LMP Node: LMP (locational marginal pricing) node is a point on the EDU's grid that has defined pricing and load serving characteristics within a larger electric control area.
Gas distribution utility (GDU): the regulated distributor of natural gas. GDU franchise area in which the end user and site are located. With public utility commission in state sets tariffs, safety, reliability, transmission, distribution, billing, metering, interconnection.
City gate(s): the points at which the GDU takes delivery of natural gas from an interstate pipeline that will serve the site. Defines fuel delivery, reliability, pipeline costs for transporting fuel, constraints.
GDU distribution point(s): the point(s) on the GDU's system that serve the Site. This point defines the meter number, meter capacity, various meter parameters, and the maximum available natural gas delivery pressure at the Site.
County, parish, township: the political subdivision of the state or province in which the Site is located that defines tax, permitting, engineering, operating codes and standards.
Planning or zoning unit: geographical area defined by state, provincial or political subdivisions with power to review and enforce permitting and siting standards for facilities and various rule making authority which has authority for the site.

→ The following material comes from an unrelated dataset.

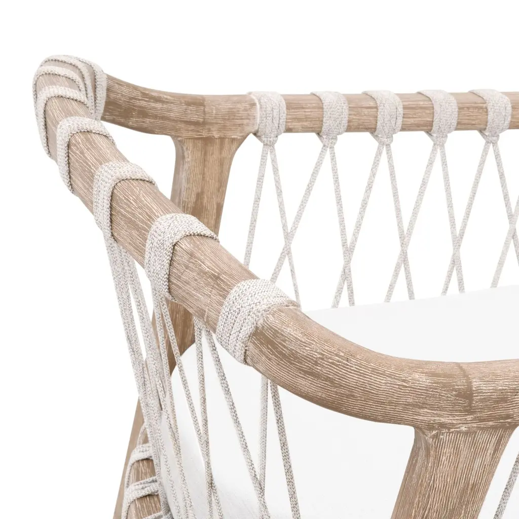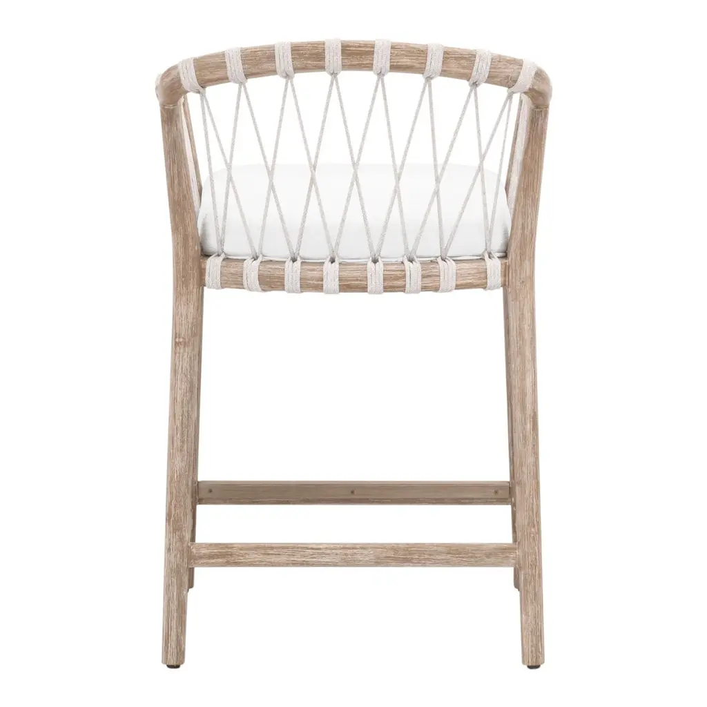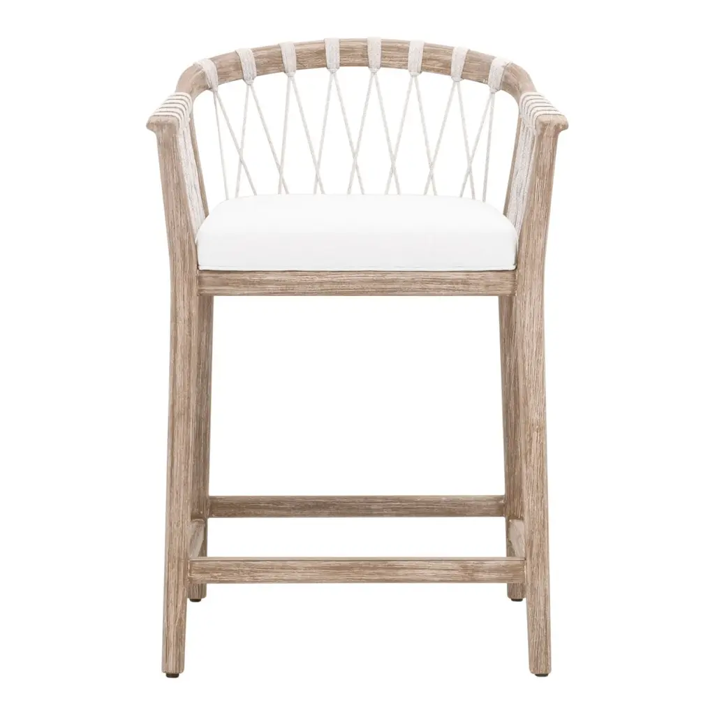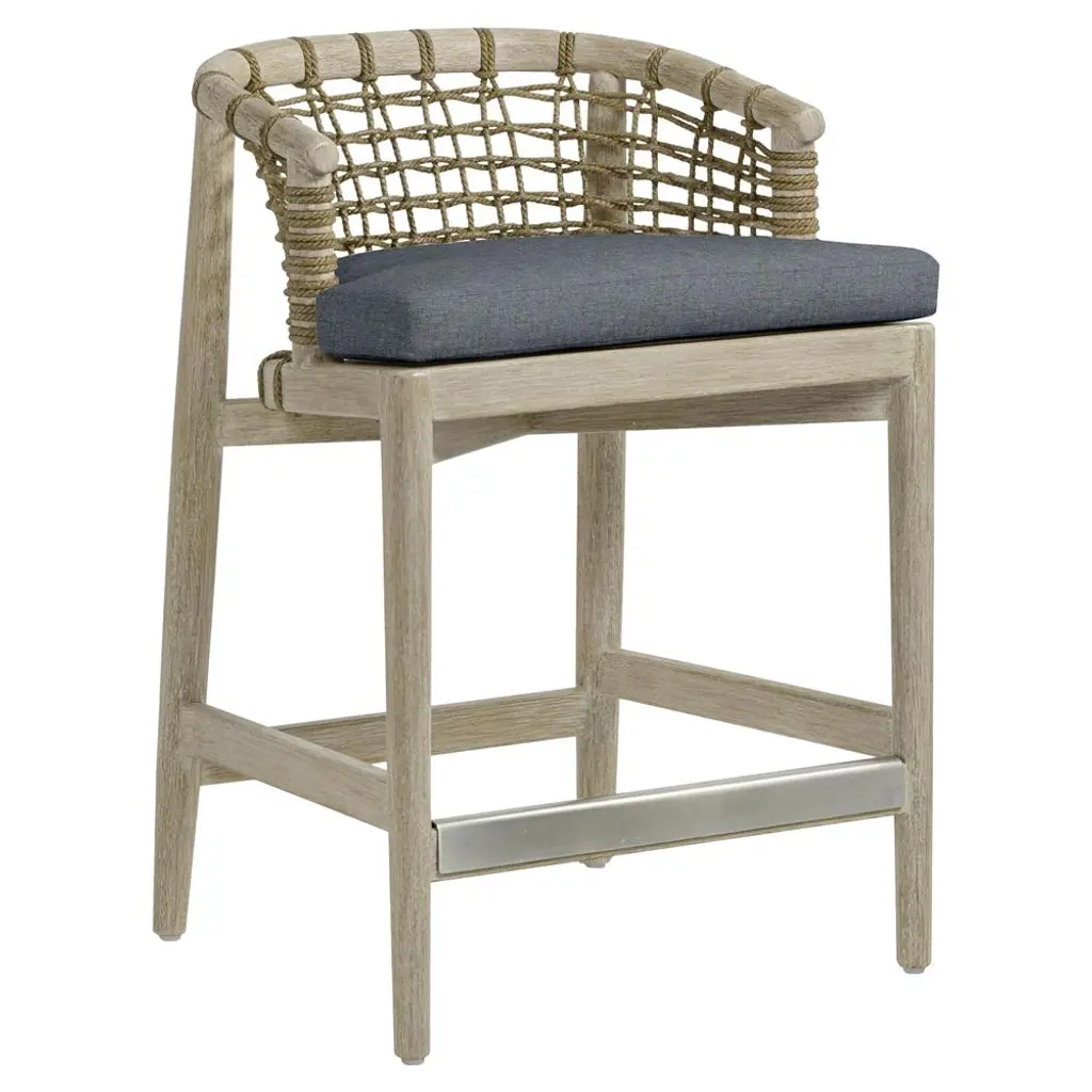 Transform your kitchen or bar area with the Neri Counter Stool. This stool harmoniously blends beachy, classic, and contemporary elements for a unique seating solution. The frame, expertly crafted from solid wood, features a refined finish, adding a touch of understated elegance to any space. The seat is designed with a distinctive hand-wrapped rope on the back and high-performance fabric on the seat cushion, ensuring durability and easy cleaning. The fixed seat cushion with piping detail enhances the tailored appearance of the stool. Additionally, the L-shaped metal footrest provides support while seamlessly blending with its wood counterparts. The stool combines exceptional craftsmanship, thoughtful design, and precise dimensions to enhance your interior.

For example, California has a large number of these local units that do not always correspond line-for-line with other political boundaries.
City or town: work rules, permitting, tax, engineering, building codes, electrical codes, fire codes and standards, public health standards, operating ordinances, siting and permitting.
Tax district: state, county or town defined geographic areas for taxation of assets, property, sales, etc. in which the site is located.
While only certain preferred embodiments and features of the invention have been illustrated and described herein, many modifications and changes will occur to those skilled in the art. It is, therefore, to be understood that the appended claims are intended to cover all such modifications and changes as fall within the range of equivalents and understanding of the invention.